■ TASK: From first line to last, transcribe the listing exactly and skip any image.

■ PROVIDED DATA:
□ □ □
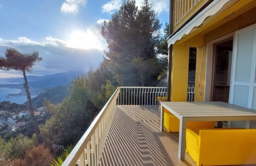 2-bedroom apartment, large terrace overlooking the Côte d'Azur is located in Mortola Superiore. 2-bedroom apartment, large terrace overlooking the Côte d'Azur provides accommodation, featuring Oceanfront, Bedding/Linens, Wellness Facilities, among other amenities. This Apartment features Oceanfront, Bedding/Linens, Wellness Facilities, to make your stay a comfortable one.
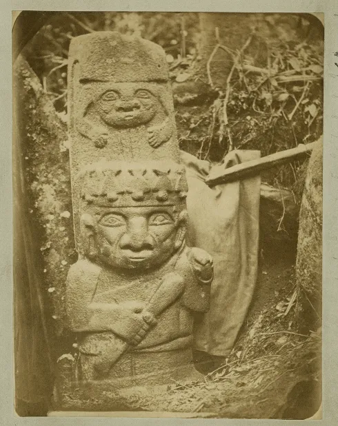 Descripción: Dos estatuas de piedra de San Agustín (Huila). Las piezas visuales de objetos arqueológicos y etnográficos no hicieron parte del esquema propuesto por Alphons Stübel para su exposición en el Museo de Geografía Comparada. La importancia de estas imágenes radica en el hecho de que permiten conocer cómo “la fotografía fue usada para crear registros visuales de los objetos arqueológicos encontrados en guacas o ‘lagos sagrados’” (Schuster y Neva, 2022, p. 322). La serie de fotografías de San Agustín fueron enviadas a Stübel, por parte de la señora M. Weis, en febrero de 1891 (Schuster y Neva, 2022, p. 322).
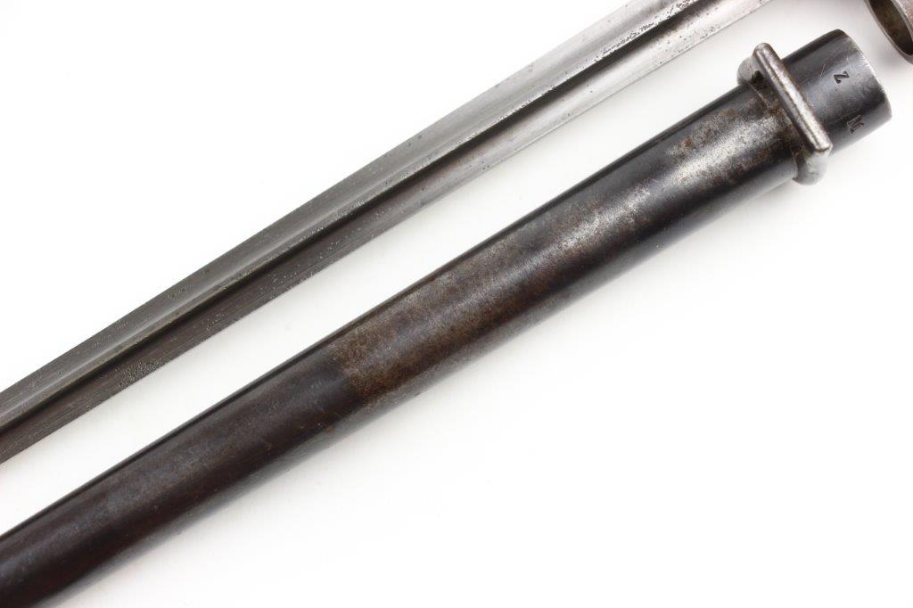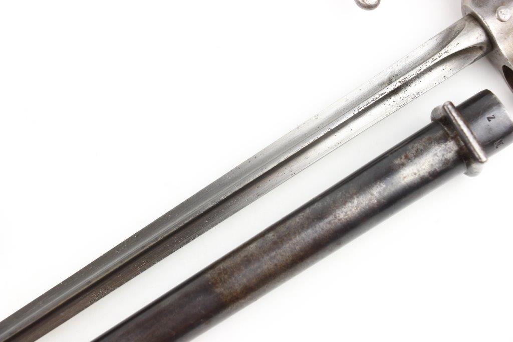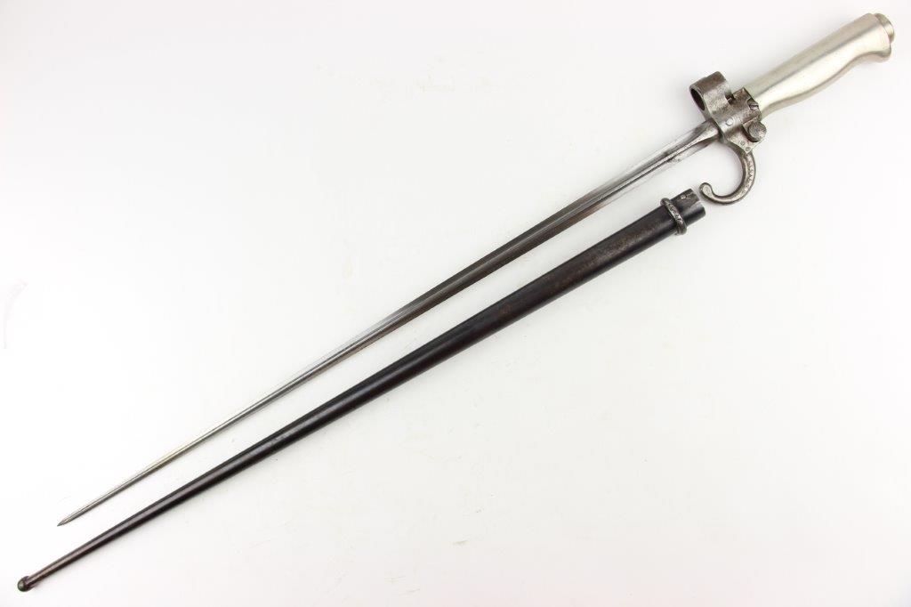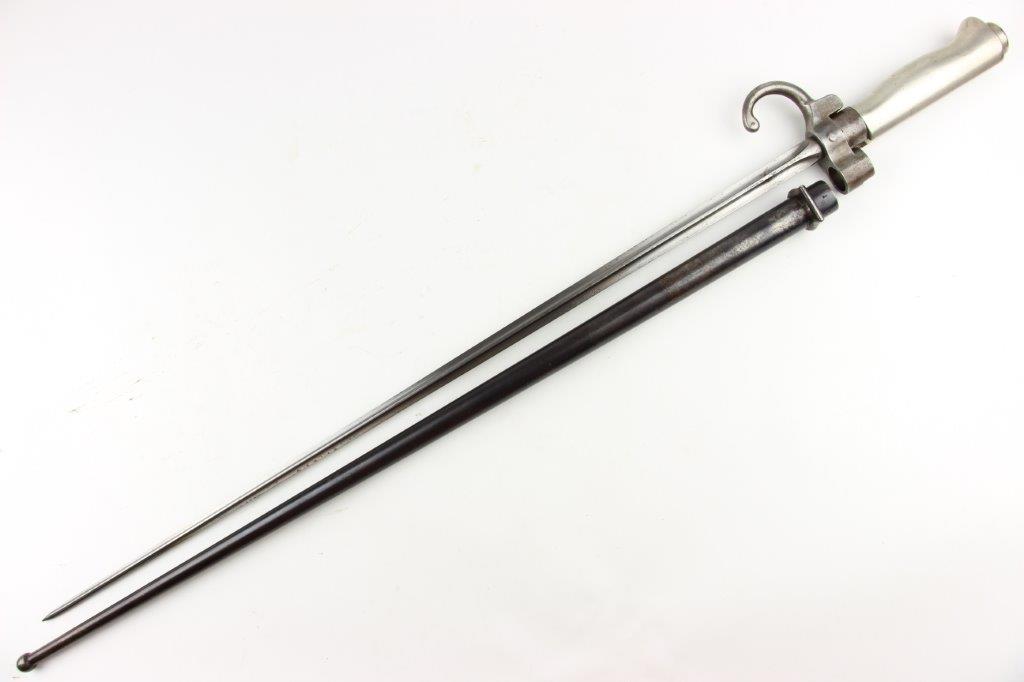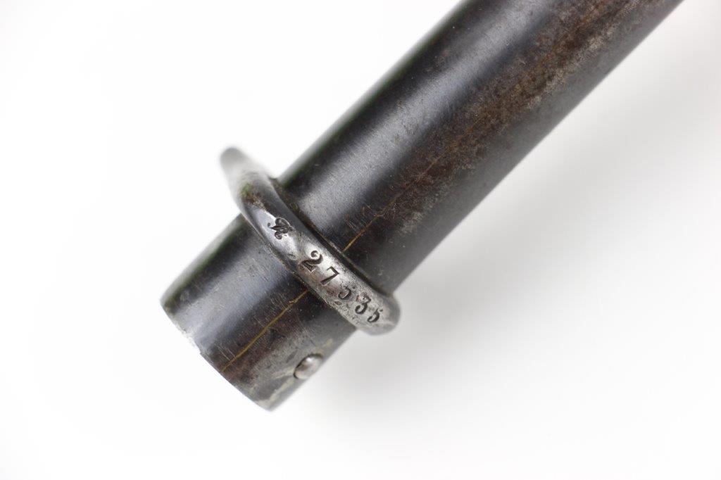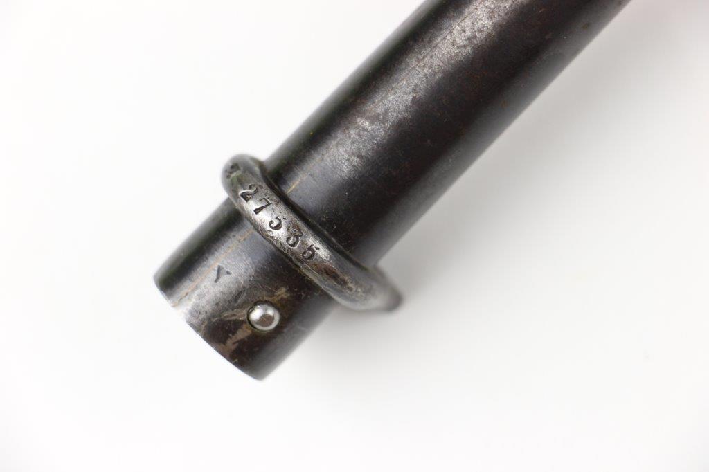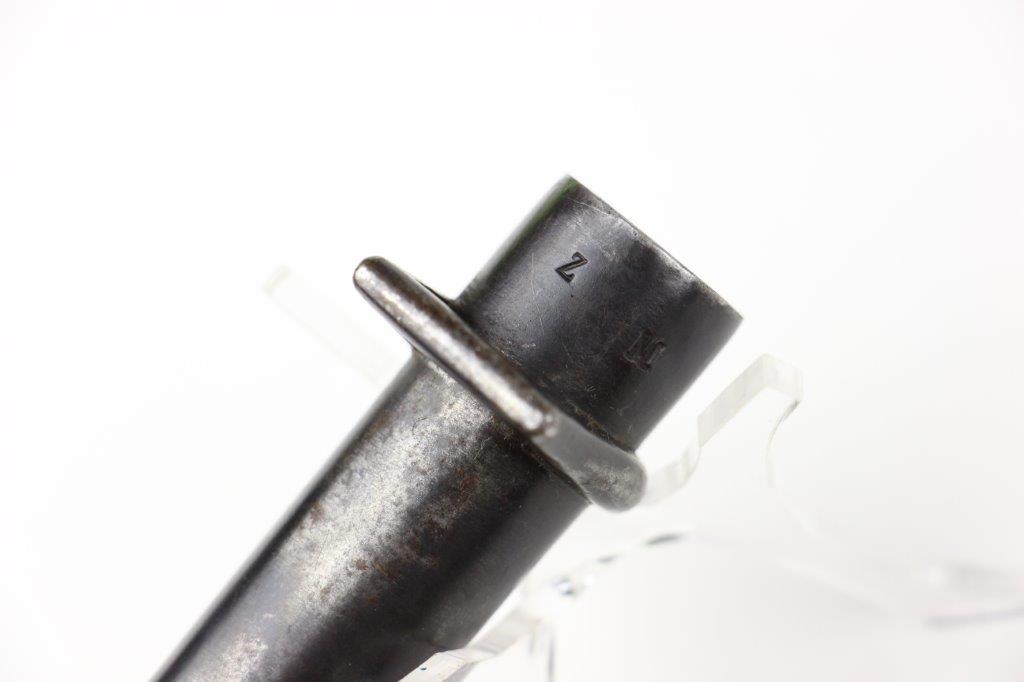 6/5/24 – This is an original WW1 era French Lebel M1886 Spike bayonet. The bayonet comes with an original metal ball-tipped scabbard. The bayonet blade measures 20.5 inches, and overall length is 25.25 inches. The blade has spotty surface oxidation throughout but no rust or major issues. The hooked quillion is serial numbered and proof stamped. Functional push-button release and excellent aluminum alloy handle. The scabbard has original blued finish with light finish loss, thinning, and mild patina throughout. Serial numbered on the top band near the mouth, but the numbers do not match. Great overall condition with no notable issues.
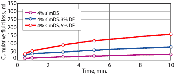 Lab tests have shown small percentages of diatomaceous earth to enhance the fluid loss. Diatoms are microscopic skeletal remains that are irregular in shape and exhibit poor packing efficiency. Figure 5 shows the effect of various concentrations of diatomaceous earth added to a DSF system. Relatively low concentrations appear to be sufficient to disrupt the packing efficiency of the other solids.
□ □ □
■ ANSWER FOR THIS EXERCISE:
 2-bedroom apartment, large terrace overlooking the Côte d'Azur is located in Mortola Superiore. 2-bedroom apartment, large terrace overlooking the Côte d'Azur provides accommodation, featuring Oceanfront, Bedding/Linens, Wellness Facilities, among other amenities. This Apartment features Oceanfront, Bedding/Linens, Wellness Facilities, to make your stay a comfortable one.
 Descripción: Dos estatuas de piedra de San Agustín (Huila). Las piezas visuales de objetos arqueológicos y etnográficos no hicieron parte del esquema propuesto por Alphons Stübel para su exposición en el Museo de Geografía Comparada. La importancia de estas imágenes radica en el hecho de que permiten conocer cómo “la fotografía fue usada para crear registros visuales de los objetos arqueológicos encontrados en guacas o ‘lagos sagrados’” (Schuster y Neva, 2022, p. 322). La serie de fotografías de San Agustín fueron enviadas a Stübel, por parte de la señora M. Weis, en febrero de 1891 (Schuster y Neva, 2022, p. 322).
 6/5/24 – This is an original WW1 era French Lebel M1886 Spike bayonet. The bayonet comes with an original metal ball-tipped scabbard. The bayonet blade measures 20.5 inches, and overall length is 25.25 inches. The blade has spotty surface oxidation throughout but no rust or major issues. The hooked quillion is serial numbered and proof stamped. Functional push-button release and excellent aluminum alloy handle. The scabbard has original blued finish with light finish loss, thinning, and mild patina throughout. Serial numbered on the top band near the mouth, but the numbers do not match. Great overall condition with no notable issues.
 Lab tests have shown small percentages of diatomaceous earth to enhance the fluid loss. Diatoms are microscopic skeletal remains that are irregular in shape and exhibit poor packing efficiency. Figure 5 shows the effect of various concentrations of diatomaceous earth added to a DSF system. Relatively low concentrations appear to be sufficient to disrupt the packing efficiency of the other solids.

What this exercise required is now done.